Now coming to the suspension, the front gets conventional telescopic forks while the rear gets twin hydraulic shocks. Pretty basic hardware on paper but it does its job surprisingly well. The ride quality is neither too harsh nor too wallowy. There is maturity in the way the CB deals with bad roads. What's more important is that the plushness in ride quality does not come at the expense of stability. The bike feels stable and planted even closer to the 100 kph mark. The long wheelbase and the excellent bite and feel from the brakes also add to your high speed confidence. The CB comes fitted with 19 inch 100 section front and 18 inch 130 section rear tyres. Flick it into a corner and it's not the quickest to turn in but it goes there willingly. However, you do need some experience with the motorcycle before you can start extracting the most out of it in the twisties. The front end is raked out and feels kind of light when throwing it into a bend. Also, all said and done, it is a heavy motorcycle and needs an experienced hand for it to be ridden enthusiastically in corners. This is probably the only performance area where the Royal Enfield J platform (the Meteor for now) has a slight edge over the Honda. It's not necessarily faster in corners but it definitely feels friendlier. 

This is the 21st century and what's a motorcycle without tech and gizmos right? Honda has given the CB bluetooth connectivity. However, it's an audio only connectivity and you need to be connected to a bluetooth communication device to get updates like turn by turn navigation. Once connected, you can toggle things like music control, making, answering and rejecting calls, auto reply sms, etc. with the toggle switches on the handlebar itself. It also gets a USB type c charging port. Another thing worth mentioning is the switch gear itself. On the left you get four way toggle buttons. The horn and signal lamp buttons are interchanged in the layout. The pass light switch acts as a toggle switch between high and low beam as well. On the right, you get an engine kill and starter button combination switch and a hazard light switch. You also get dual accelerator cables. These may seem like quirks initially but these are nifty touches that you'd come to appreciate eventually. There are two variants on offer and the higher one gets dual tone colours, traction control, bluetooth connectivity and........ a dual horn set up. Since the price difference is not significant, this is the variant one should go for. 
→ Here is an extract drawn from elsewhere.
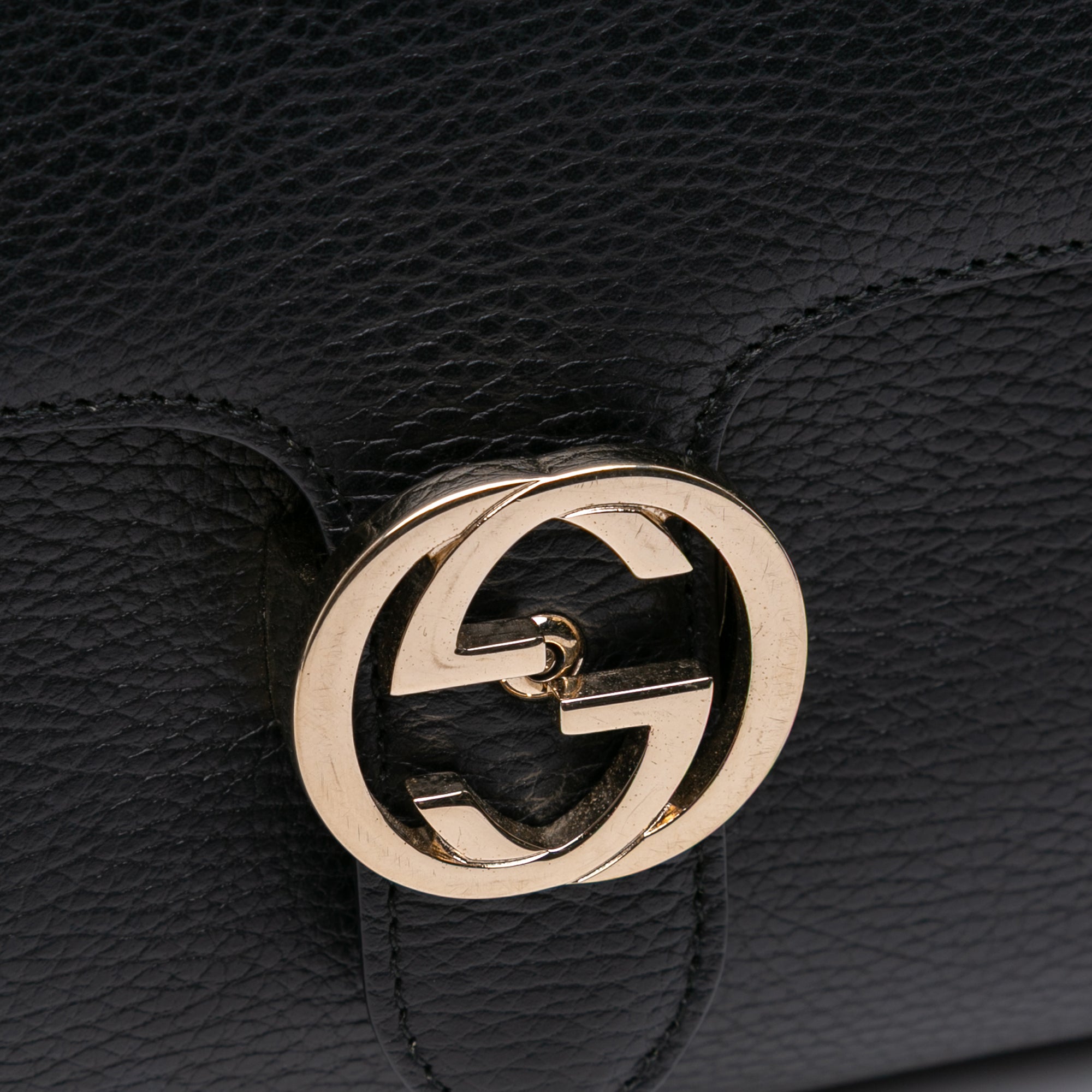Black Gucci Medium Dollar Calf Interlocking G Satchel

Lets sum things up. The Honda CB 350 will wow you with its design, it will wow you with its quality and it will wow you with its refinement. It is for the mature rider who understands that character need not come at a sacrifice of quality, practicality and reliability. In making the CB 350, Honda seem to have taken all the flaws of the old Royal Enfield Classic and ironed them out. Should Royal Enfield be worried though? Had there not been the new Royal Enfield J platform, this would have been the better product out and out. The potential of the new J platform though, really makes things interesting. But this is not about Royal Enfield vs Honda. I don't think Honda intends to make the CB 350 a mass market product like the Royal Enfield 350s. What it aims to do is carve out a niche inside a niche and get newer people into the segment. And to that effect, it has surely delivered. So if you're looking for a motorcycle in that Rs. 2.25 lakhs kind of range. Not just a Royal Enfield. Bajaj, TVS, KTM, any motorcycle and if you are lucky enough to have a Honda Big Wing in your city, go test ride the CB 350 and you might just end your search right there, book it and live happily ever after.